The results come against the backdrop of ebbing global luxury demand and also follow lacklustre sales expectations from Nike and JD Sports Fashion.

Demand for Birkenstock’s footwear, which retails for as much as $350 (about R6,635) a pair, has been fortified by a post-pandemic move away from formal dressing to a more casual and informal wear, and the company has boosted sales through its own website and stores.

Sales through its own website and stores jumped 29% during the fourth quarter and accounted for about 40% of total 2023 revenue.

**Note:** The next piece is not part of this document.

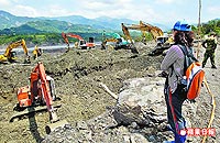 臺軍方挖掘行動昨天截止,但母親遭埋的高雄縣六龜新開居民卓靜鴻(右)不愿放棄,昨仍要求民間機具定點開挖。來源:臺灣《蘋果日報》
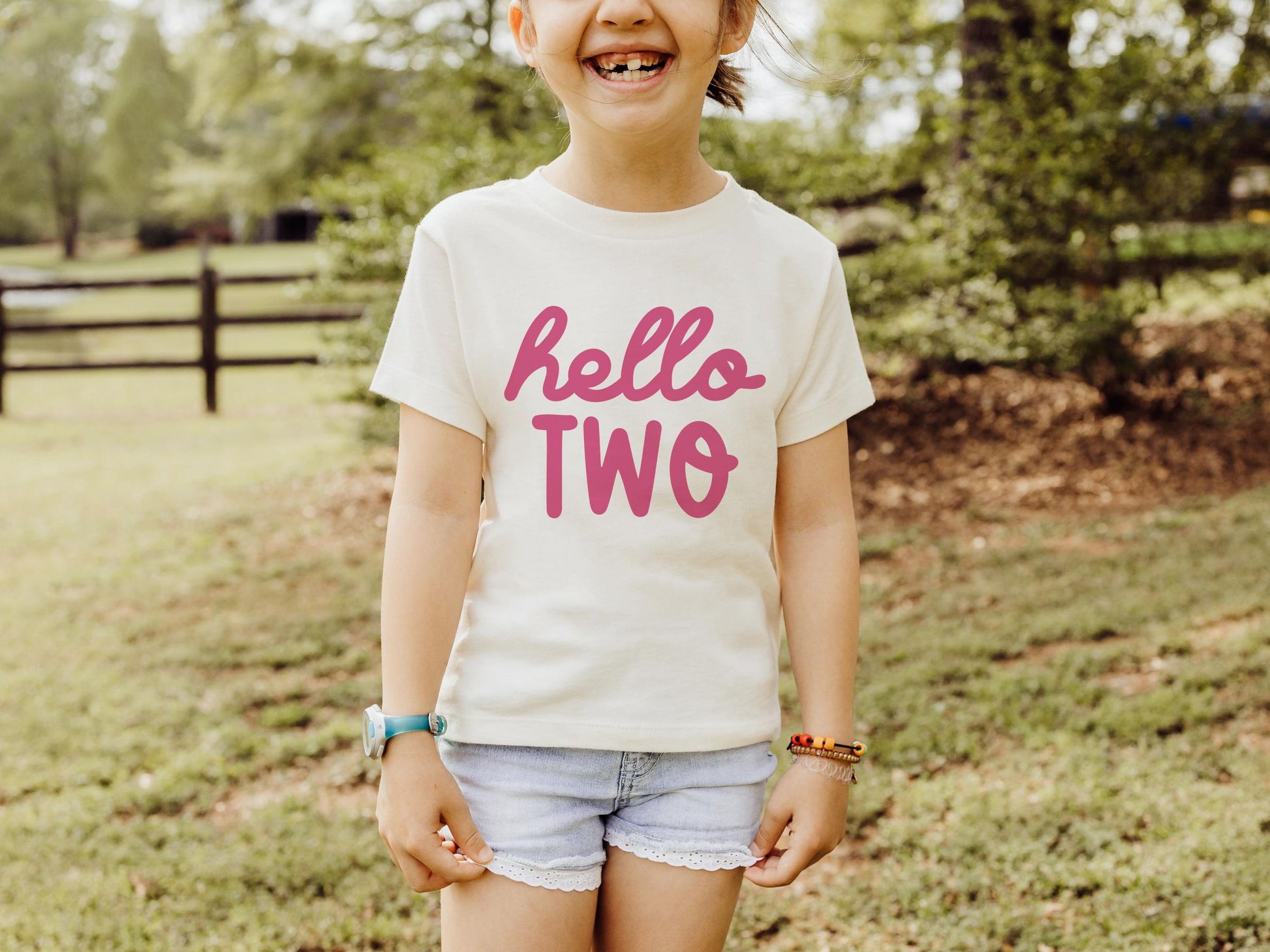 Celebrate your little one’s second birthday with our “Hello TWO” toddler t-shirt. This light cream tee is perfect for the big day and beyond. The front of the shirt features the phrase “Hello TWO” in a playful pink font, making it a trendy and adorable piece for your two-year-old. Whether it’s for a birthday party or a cute everyday look, this shirt is a charming choice.

Quarterly revenue rose 16.5% to €374.54m, topping market expectations of €357.39m, according to LSEG data. But adjusted profit per share of 14 euro cents missed estimates of 17c.

Sales in the Americas region jumped 30% to €187.24m during the fourth quarter and the company also highlighted China and India as key growth drivers.

Birkenstock forecast fiscal 2024 revenue to be €1.74bn-€1.76bn, compared with analysts’ expectations of €1.72bn. Still, the expected sales growth of 17%-18% would be a slowdown from the 20% in 2023.

Unit growth was 6% in 2023 while the average selling price jumped 14% since fiscal 2022, driven by higher full-price sales. This boosted gross profit margin by 180 basis points to 62.1% in the three months to end-September.

Birkenstock expects 2024 adjusted earnings before interest, taxes, depreciation and amortisation to be €520m-€530m on a constant currency basis.

The company also plans to roll out monobrand stores — a single store dedicated to one particular brand — in 2024.